На груди у мужчины спала тонкая до полупрозрачности блондинка, обнаженное бедро, с которого сползло покрывало, он бережно обнимал одной рукой, а другой продолжал что-то набирать на клавиатуре смартфона:
– Рад, я хочу, чтоб эту переписку увидели все. Мы сможем ее выложить в инстаграм?
– Я не против, Илья Сергеевич. Может, тогда они уже отстанут!
Ландау отложил телефон, легонько прикоснулся губами к макушке Вики, натянул одеяло, закрыв ее полностью и выключил настольную лампу.
Они, конечно, не отстанут. Теперь уже никогда. И все же…
Утро вечера мудренее.
Разрушая кровный союз любви, вдобавок не щадит союз доверья…
Уже битый час вокруг льда в “Сапфировом” суетились бригады телевизионщиков, готовя сюжет о “самом неожиданном возвращении сезона”. Ну, а что тут поделаешь? Во-первых, у “Самоцветов Москвы” контракт телевизионщиками, так что каждый божий день из какого-нибудь отделения несутся стоны тренеров и проклятия непосредственного начальства отделений. Во-вторых, история “развода” была такой шумной, что тихо замириться, не оповестив публик, Виктория Робертовна с собственной фигуристкой уже не сможет.
В конечном итоге тренировка не просто была поломана, она летела под откос со скоростью сверхзвукового экспресса. По мнению Вики с ума сошли все ее подопечные сразу, даже те, кому далеко не в первый раз приходилось видеть камеры.
Она честно улыбалась журналисту, который брал интервью, а хотела послать их всех снег в Сибирь убирать и не мешать работать, пока не закончат, благо снега в Сибири много. Говорила о внутреннем надломе Милы (вполне себе правда, если не считать того, что глубина этого надлома пока не была понятна даже ей самой). Потом за бортиком, отпустив наконец тренера работать, журналисты интервьюировали саму Милу. Потом следили с камерами за ней на льду. Еще одна проблема, как бы эти слоны со своими шарманками не поубивали нечастных фигуристов. И, наконец, удалились со льда и от бортика, чтоб наснимать сверху общих планов, а заодно и общение главных героинь в процессе работы.

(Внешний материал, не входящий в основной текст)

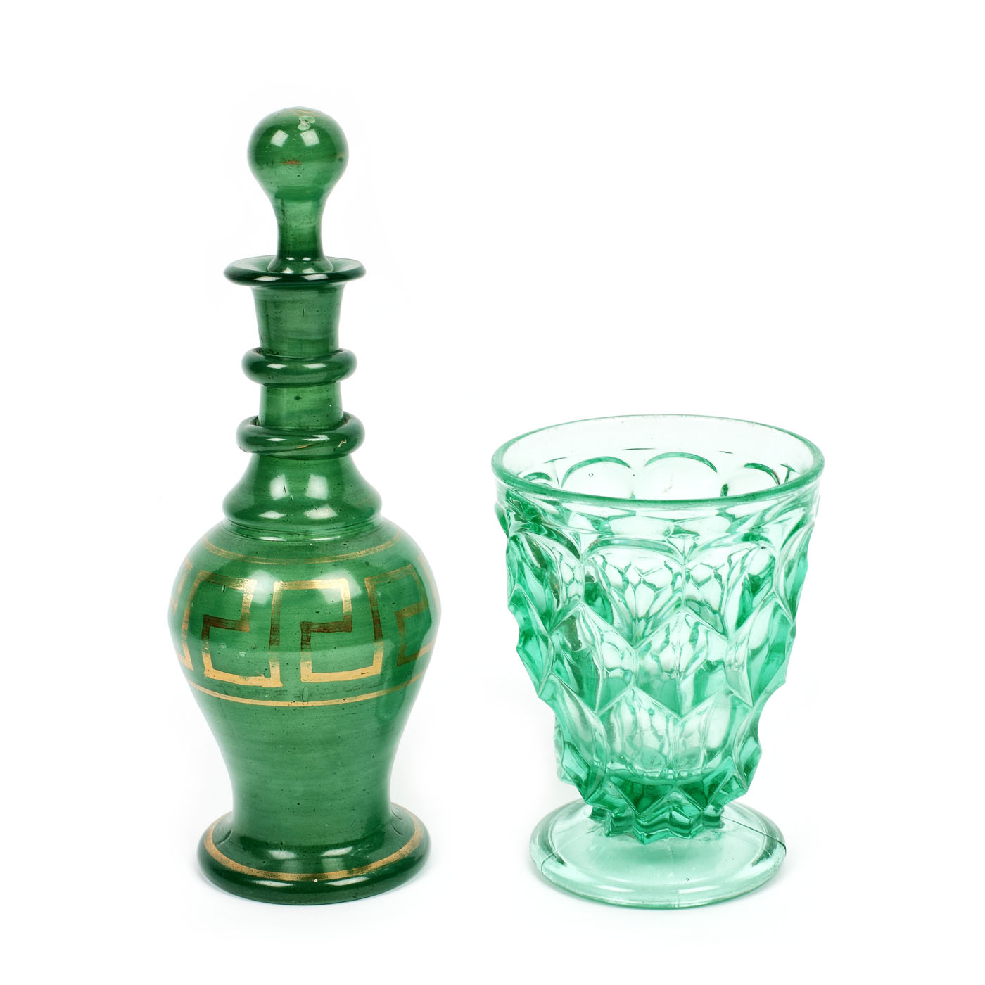 90. Lot de sticlă veche, un pahar și un recipient din sticlă pictată cu aur coloidal, provin din atelierul pictorului Honoriu Creţulescu

Как три года назад и за много лет до этого они скользили рука об руку. Этого скольжения по одной дуге, как оказалось, ужасно не хватало. Совместность многих лет вернулась и заполнила дыру в мироздании, продранную Милкиным жестоким молчаливым уходом.
– Итак, что нам положено изображать? Покаяние с одной стороны и смиренное приятие заблудшего дитя с другой? Могу упасть на колени и целовать лед,– склонила голову в сторону Виктории Леонова.
Ее девочка. Девочка-язва, девочка-пожарище, девочка-яд, который мог натворить дел не только на льду, но и за ним. Чемпионка. Человек творивший историю фигурного катания. А стало быть – непростой человек, с особенностями.
– Скорее воссоединение семьи – улыбнулась Домбровская.
– Ну, это-то мы изобразим. Дружный тандем снова вместе, не так ли?– Мила потерла зябко плечи, обхватив себя крест накрест руками.